По утрам ходил он в термы, продолжая курс начатого в Байях лечения. Он шел, опираясь на трость, так как острая боль порой пронзала его члены. Миновав Аргилет[12]
, где в книжных лавках появлялись литературные новинки, он направился к Форуму. Клиенты толпились у домов патрициев в ожидании, когда для утреннего приветствия откроются двери. Было превосходное утро. Розовато-желтые лучи солнца увенчивали стоявшую на Форуме вечно прекрасную статую Алкивиада и одевали в золотой плащ стройную фигуру Марсия. Площадь постепенно оживлялась.Ночные кутилы маленькими группами и большими компаниями возвращались домой; пьяные, остановившись, блевали в канаву. Возле солнечных часов на обычном месте крутились подпольные адвокаты, проворные и жуликоватые. Собирались зеваки, которые целыми днями ничего не делают, допоздна толкутся на Форуме и чем живут — непонятно. Потом появился и другой народ, который оживляет и расцвечивает площадь: маклеры, барышники, известные ростовщики, торговцы, с зевотой открывавшие лавки. Уличный мальчишка перед скульптурой волчицы продавал серные спички. А менялы, контрабандисты и банкиры, коренастые римляне или щуплые иудеи громко болтали, усевшись на каменные скамьи под арками своих лавочек.

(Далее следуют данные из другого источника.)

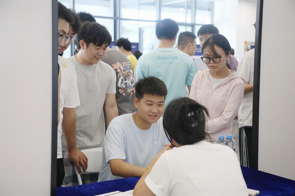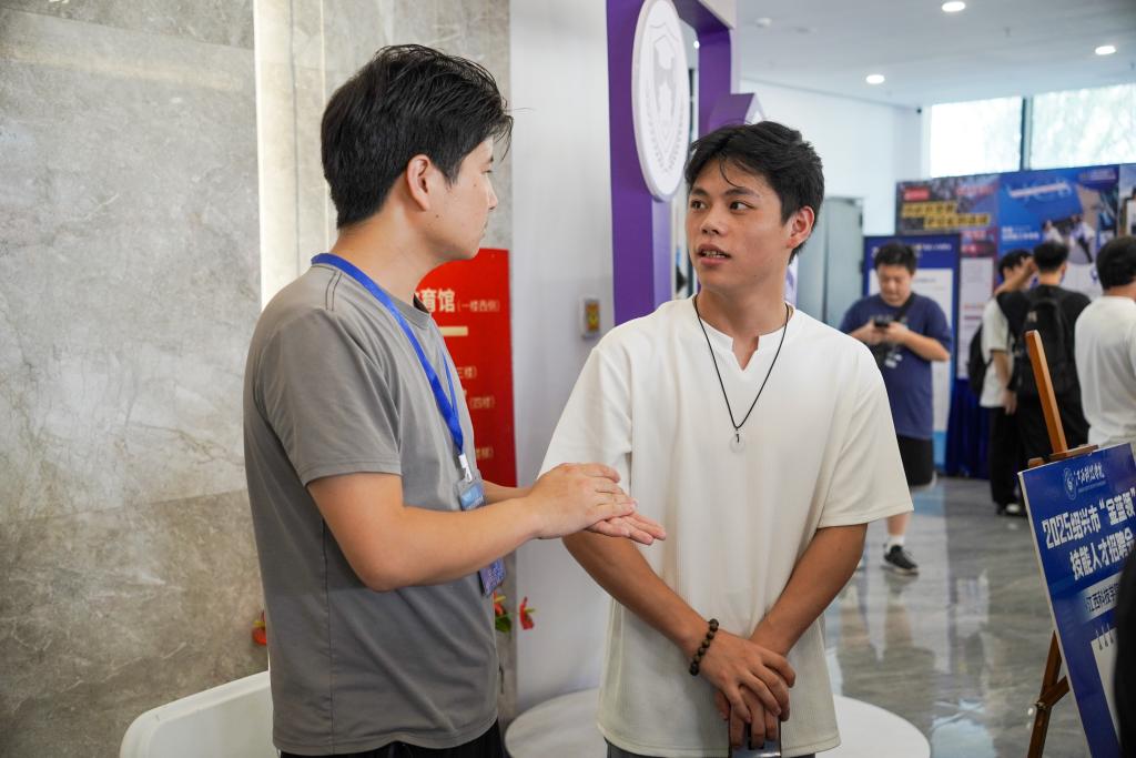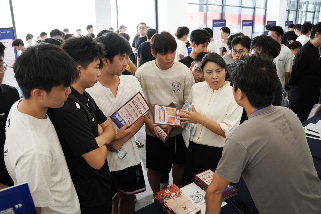 招聘会现场,长电集成电路(绍兴)有限公司、芯联集成电路制造股份有限公司、浙江盛洋科技股份有限公司、浙江精工集成科技股份有限公司等多家来自浙江绍兴的集成电路、高端制造、电气设备领域优质企业齐聚一堂,带来涵盖技术研发、生产制造、工程管理等多个岗位的招聘需求,为学子们提供了多元化的职业选择。这些企业凭借在行业内的领先地位和强劲发展势头,吸引了众多学子驻足咨询,现场交流氛围热烈。“这两天学校的招聘会规模大、岗位多,我特别重视,做了充分的准备。”23 专机械制造2班的陈志恒同学身穿笔挺的西装,穿梭在各企业的摊位前。他坦言,经过两天积极的面谈,已经和好几家心仪企业初步达成意向,“非常感谢学校提供这么好的平台。”

Воздух звенел от привычных звуков. Благоухание и зловоние спорили друг с другом, запах спелых яблок и фиников примешивался к вони рыбного рынка и нестойким ароматам парфюмерных лавок. Сенека самозабвенно прислушивался к шуму, вбирал в себя разные запахи и в это благословенное осеннее утро, горестное и счастливое, упивался прелестью быстротечной жизни.
Но вскоре он прибавил шагу, отчетливо уловив в отдалении звон колокола, возвестивший, что ворота в термы открыты.
Когда он проходил мимо храма Кастора, ноги его вдруг приросли к земле.
Он не спускал глаз со стены дома. Там, среди разных каракулей, которыми обычно испещрены стены Рима, рядом с высеченными на бронзовых дощечках новыми статьями законов и объявлениями о сдаче комнат, среди скабрезных слов и рисунков кто-то вывел красным мелом двустишье:
По лицу Сенеки промелькнула удивленная улыбка. Потом, став серьезным, он неодобрительно покачал головой. Словно подумав: «Ай-ай, до чего мы докатились!»
Три месяца не был он в Риме. С людьми не встречался, понятия не имел, что произошло. Неужели все кругом знают? Но как просочились слухи? Просто невероятно.
Народ любил Нерона. Император щедро раздавал хлеб, снизил налоги, устраивал гладиаторские игры. Назначил обедневшим патрициям пожизненную ренту. Все убедились, что после Калигулы и Клавдия на трон сел хороший правитель. И на Форуме поговаривали, что молодой император даже двум разбойникам не хотел утверждать смертный приговор и, когда перед ним положили указ, вздохнул, словно жалея о том, что умеет писать. Недовольства не чувствовалось. Немногие семьи республиканцев, где были еще живы воспоминания о старых временах, смирились или перебрались в свои провинциальные поместья.
Сенека был поражен. Он поспешил в термы, чтобы поговорить с друзьями. Стоявший в дверях привратник в одежде абрикосового цвета впустил Сенеку, потом раздевальщик, подбежав, снял с него тогу.
Молодой араб сунул ему в руку «Акта диурна», ежедневную официальную газету, которую философ с жадным интересом стал читать. Императрица Агриппина принимает сегодня четырех сенаторов. О Нероне ни слова. Протокол заседания сената. Много бракосочетаний, но еще больше разводов. Драка двух франтов на Марсовом поле из-за известной гетеры. Театральные сплетни о Парисе и, наконец, большая статья о Зодике, знаменитом поэте. Сенека отбросил газету в сторону.
Вокруг был страшный шум и толчея. В термах мылось около трех тысяч человек. Слышалось фырканье кранов и душей, плеск воды, визг злившегося в тесных трубах пара. В отдалении, где-то наверху, звучали флейты. Играл здешний оркестр. Уже начался утренний концерт.